Start of Exercise materials

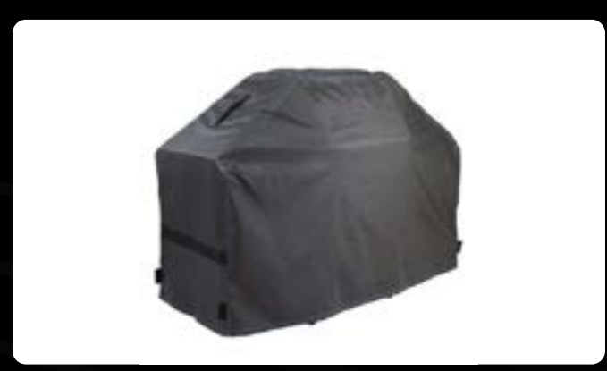
Trolley BBQ Cover TCS4AC-002 - Cover for 4 Burner trolley BBQ Woven polyester.
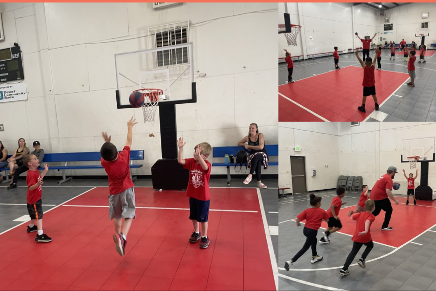
Pee Wee Basketball participants shootin' hoops
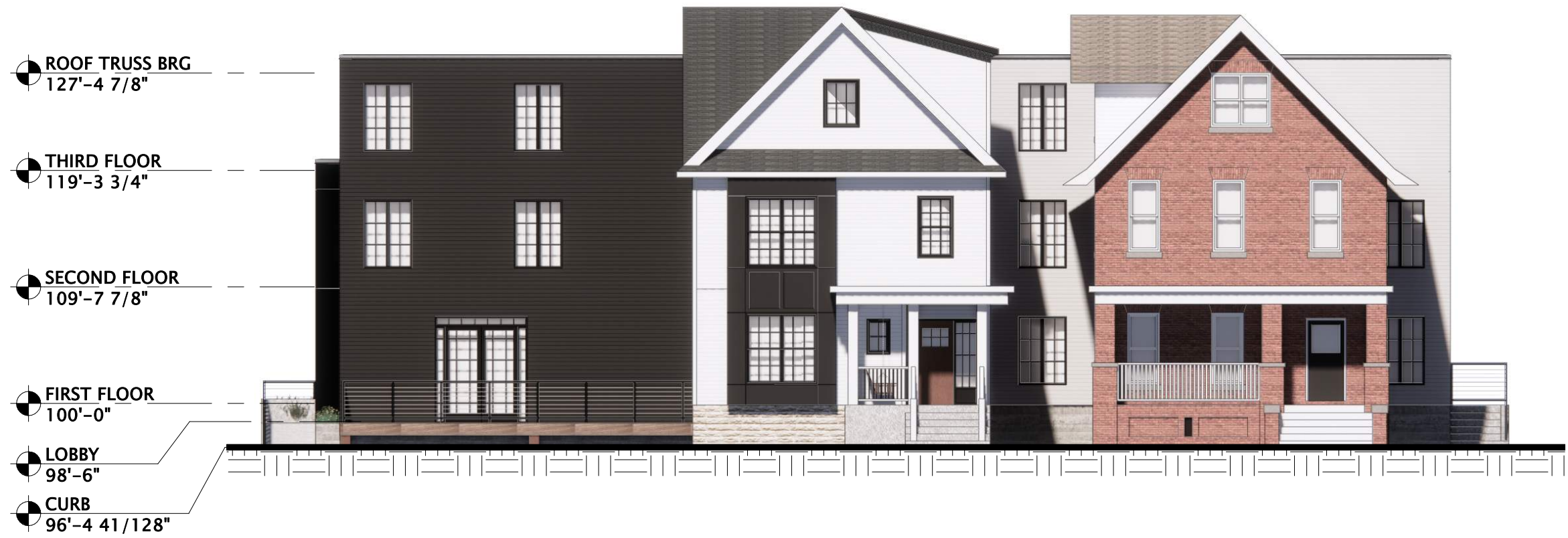
SOUTH ELEVATION - MIFFLIN 3/32" = 1'-0"
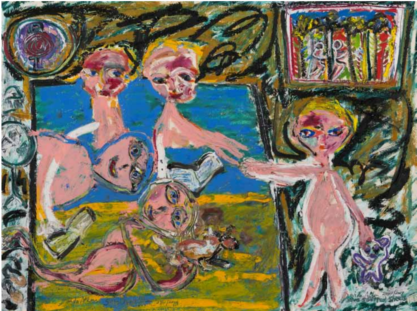
1. Sleepover 2019 OIL PASTEL ON SAUNDERS WATERFORD PAPER 75 × 100 CM
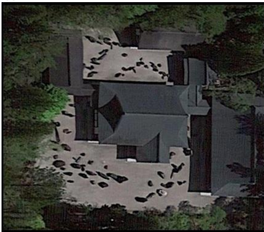
Figure 1: Banryutei Rock Garden “Spiral Dragon” forms

general, however, Japanese have preferred asymmetrical, natural shapes to representational or fanciful ones, and have placed more emphasis upon the integration of rocks into the composition than upon the uniqueness of individual rocks [3].
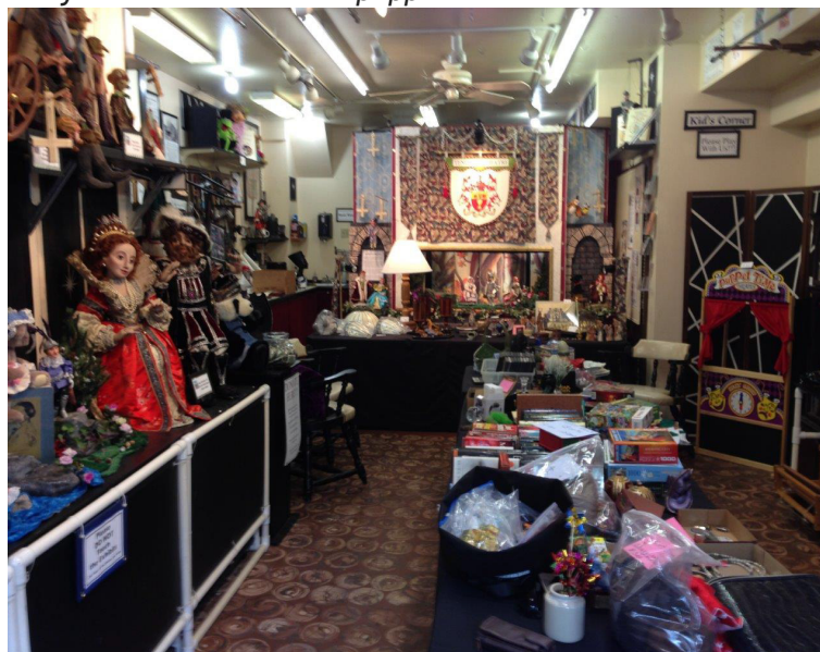
Pong's Pint Size Puppet Museum.
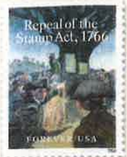
6. Repeal of the Stamp Act, 1766
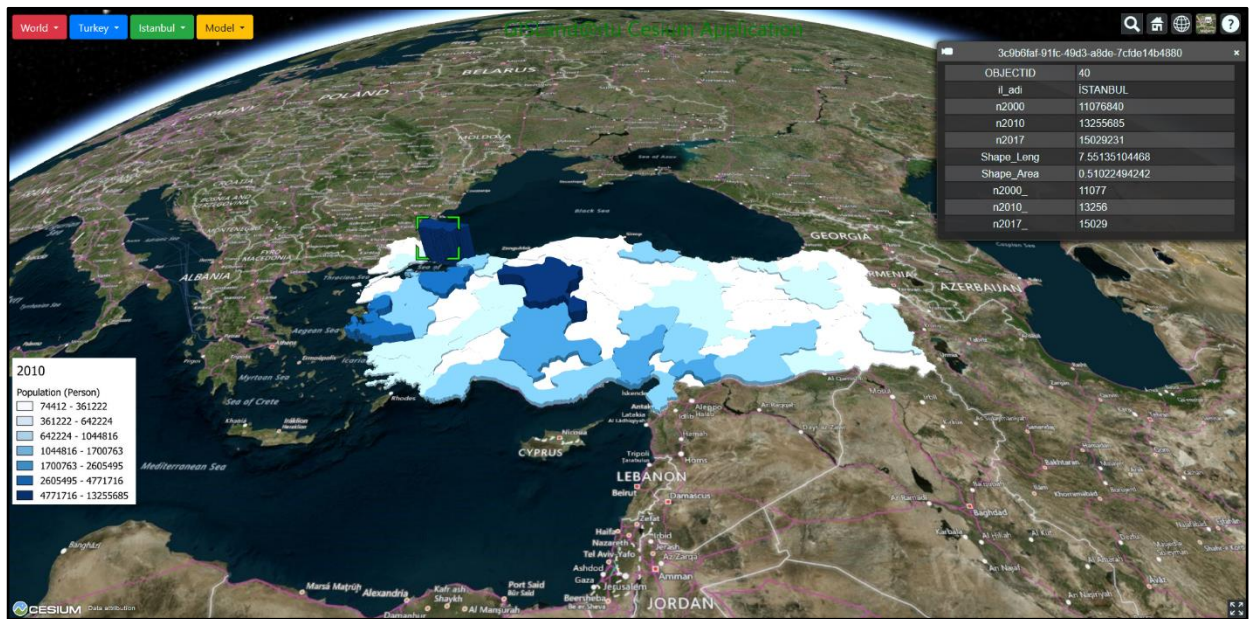
Figure 2. The population of Turkey provinces in 2010
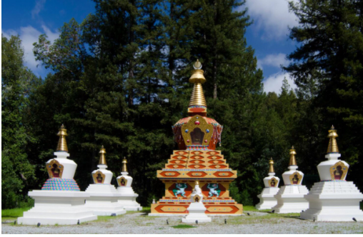
Red Dorje Drolu Stupa Mandala Today
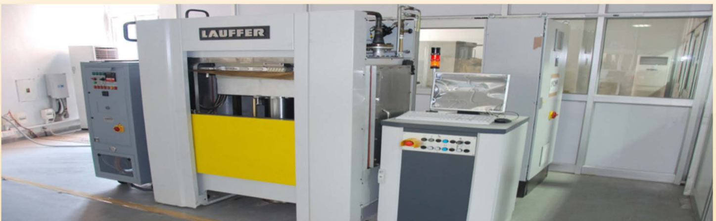
Multi-layer PCB Compaction Press

End of Exercise materials

→ Problem
With the pictures removed, return the full listing exactly as given.

→ Worked solution
Trolley BBQ Cover TCS4AC-002 - Cover for 4 Burner trolley BBQ Woven polyester.
Pee Wee Basketball participants shootin' hoops
SOUTH ELEVATION - MIFFLIN 3/32" = 1'-0"
1. Sleepover 2019 OIL PASTEL ON SAUNDERS WATERFORD PAPER 75 × 100 CM
Figure 1: Banryutei Rock Garden “Spiral Dragon” forms

general, however, Japanese have preferred asymmetrical, natural shapes to representational or fanciful ones, and have placed more emphasis upon the integration of rocks into the composition than upon the uniqueness of individual rocks [3].
Pong's Pint Size Puppet Museum.
6. Repeal of the Stamp Act, 1766
Figure 2. The population of Turkey provinces in 2010
Red Dorje Drolu Stupa Mandala Today
Multi-layer PCB Compaction Press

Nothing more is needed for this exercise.